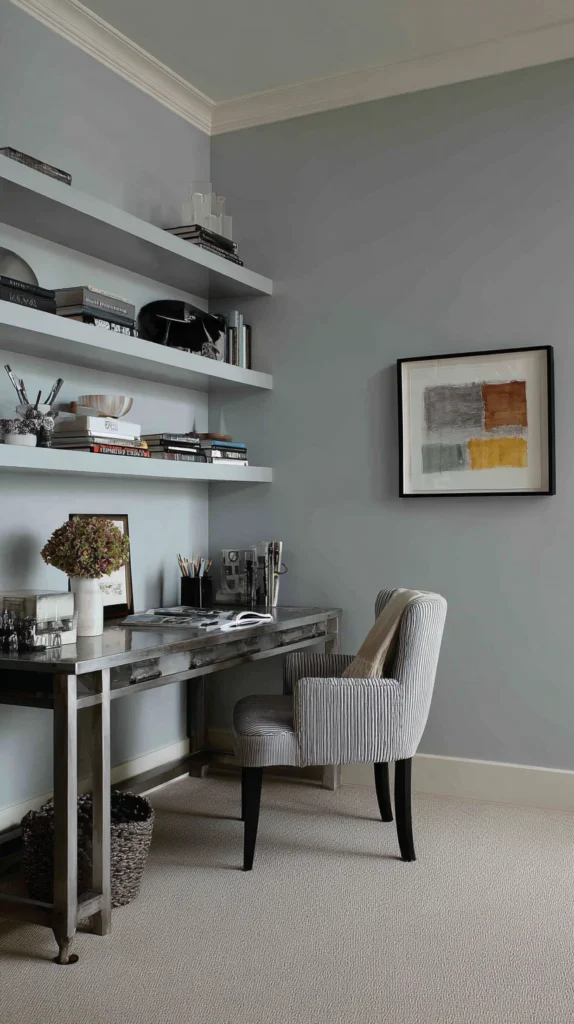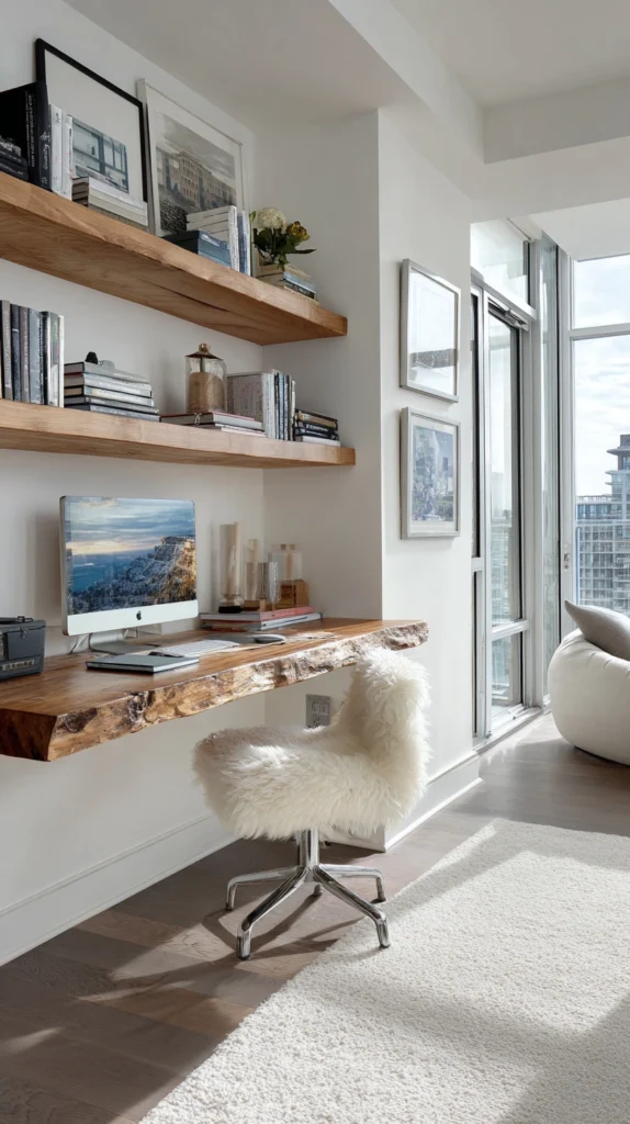 Style Tip: Create a “wall of productivity” by mounting three or four floating shelves above the desk at varying heights. Use the top shelves for decor—think ceramic vases or art—and the lower shelves for functional items like notebooks and reference books.
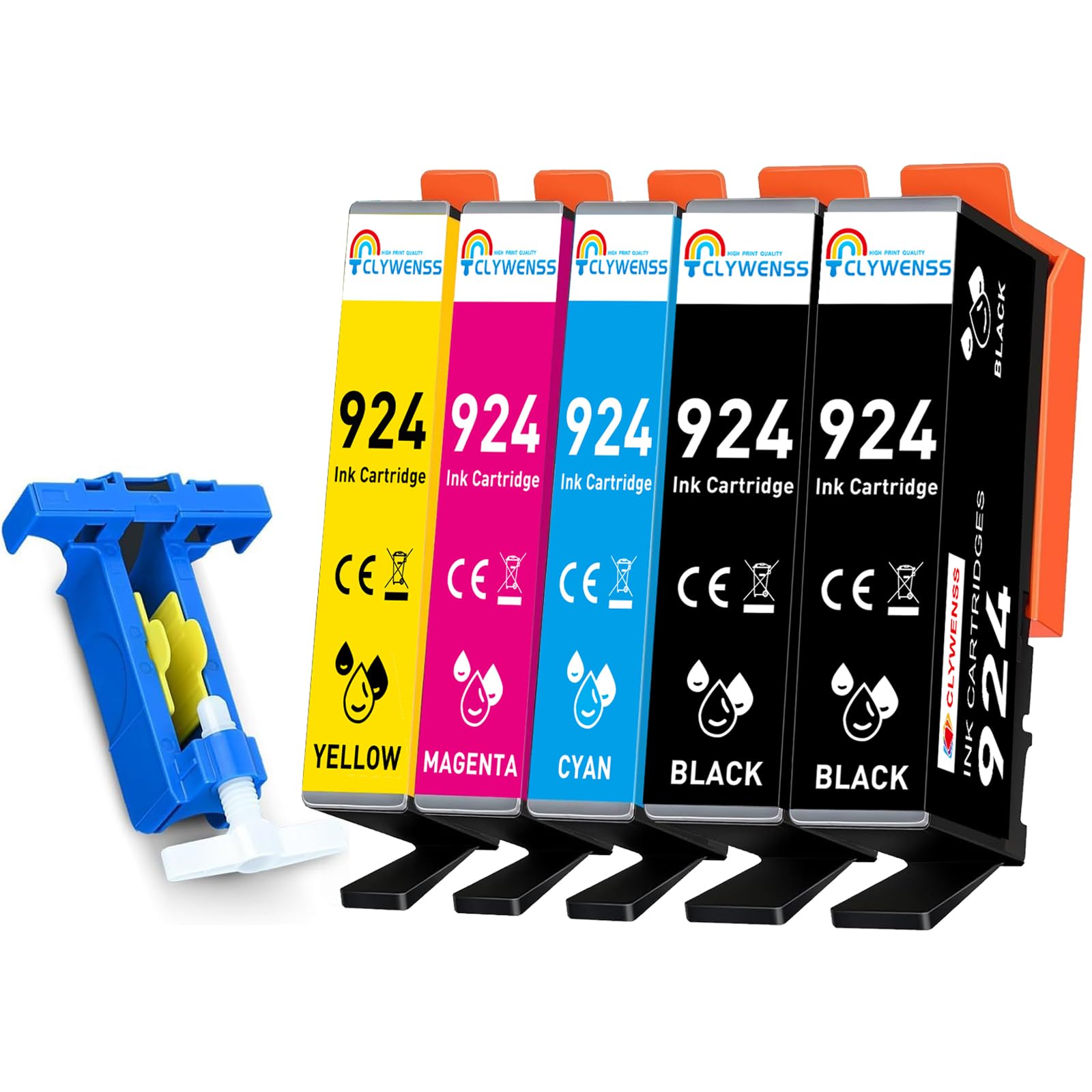 Clywenss 924 Ink Cartridges Compatible with HP 924 for OfficeJet Pro 8122e 8120e 8120 8132e 8124e 8125e 8130e 8134e 8135e 8138e 8139e 8122 8123 8125 8128 8130 8132 8133 8134 8135 (No Chip, 5-Pack)
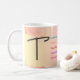 Esta taza será la favorita para todos, desde tu dulce abuela hasta tu hermana adolescente. Con el mensaje correcto, una taza puede convertirse en la más atesorada compañera de cualquiera en los próximos años. Este diseño presenta una hermosa letra a mano "T" en cursiva negra sobre un impresionante fondo acuático. El lado izquierdo muestra un gradiente cálido de amarillo a rosa, mientras que el lado derecho muestra un gradiente suave de rosa a amarillo. Alrededor de la carta hay palabras vibrantes de varios colores, incluyendo azul, naranja, rojo, morado y rosado, resaltando rasgos positivos empezando con la letra "T". El efecto general es un diseño visualmente atractivo y edificante que celebra la belleza de la letra "T" y sus cualidades asociadas. El fondo acuático añade un toque de elegancia y sofisticación, haciendo que este diseño sea perfecto para propósitos inspiradores o motivacionales.
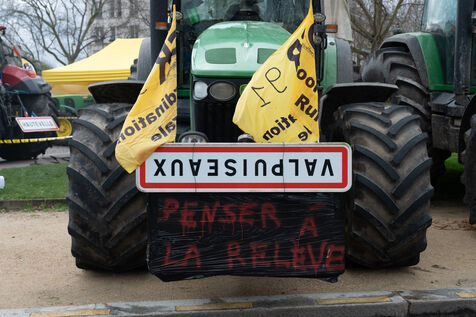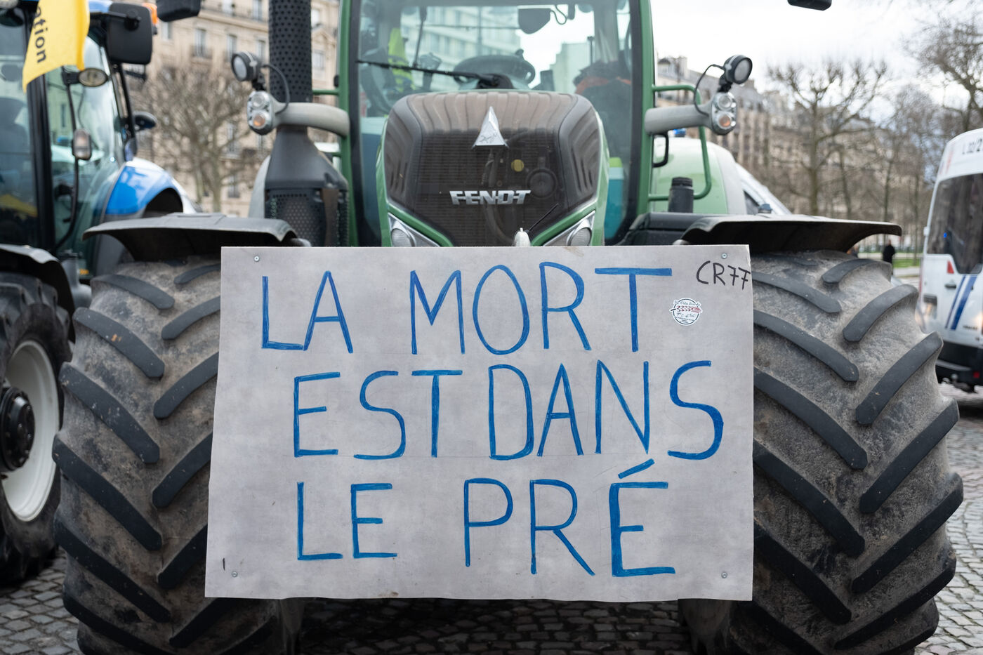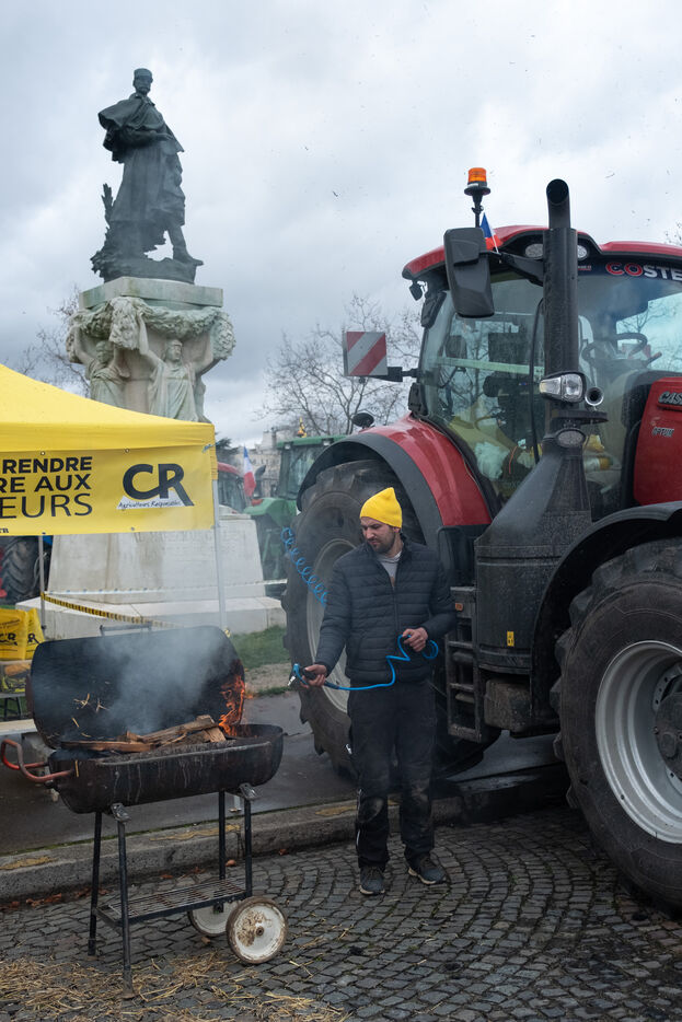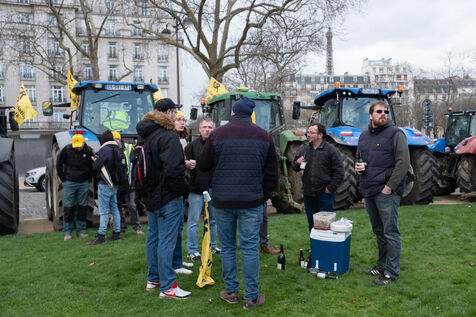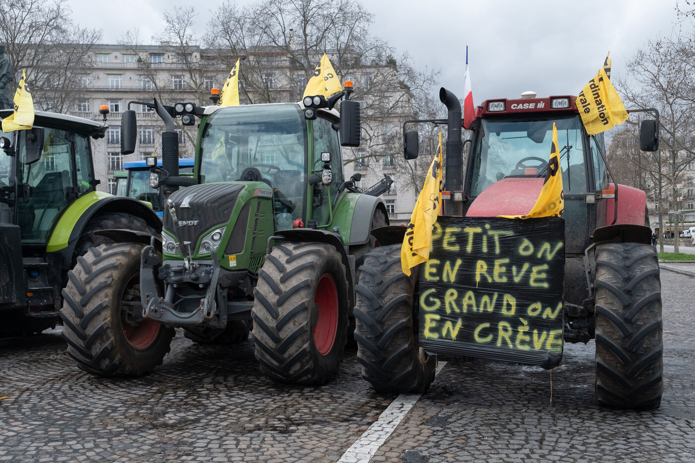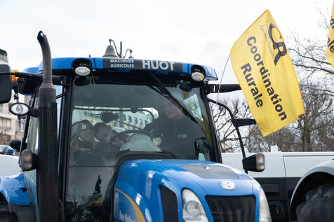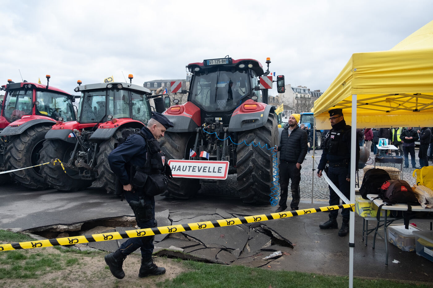 Manifestation des agriculteurs de la coordination rurale sur la place Vauban à Paris le 23 février 2024, à la veille du salon de l'agriculture.

* * * * *

**EXERCISE:** Repeat, without pictures, exactly the lines of the data above from the one containing "Clywenss 924 Ink" through the one containing "Esta taza será", including both and adding nothing.

**RESPONSE AREA:**
 Clywenss 924 Ink Cartridges Compatible with HP 924 for OfficeJet Pro 8122e 8120e 8120 8132e 8124e 8125e 8130e 8134e 8135e 8138e 8139e 8122 8123 8125 8128 8130 8132 8133 8134 8135 (No Chip, 5-Pack)
 Esta taza será la favorita para todos, desde tu dulce abuela hasta tu hermana adolescente. Con el mensaje correcto, una taza puede convertirse en la más atesorada compañera de cualquiera en los próximos años. Este diseño presenta una hermosa letra a mano "T" en cursiva negra sobre un impresionante fondo acuático. El lado izquierdo muestra un gradiente cálido de amarillo a rosa, mientras que el lado derecho muestra un gradiente suave de rosa a amarillo. Alrededor de la carta hay palabras vibrantes de varios colores, incluyendo azul, naranja, rojo, morado y rosado, resaltando rasgos positivos empezando con la letra "T". El efecto general es un diseño visualmente atractivo y edificante que celebra la belleza de la letra "T" y sus cualidades asociadas. El fondo acuático añade un toque de elegancia y sofisticación, haciendo que este diseño sea perfecto para propósitos inspiradores o motivacionales.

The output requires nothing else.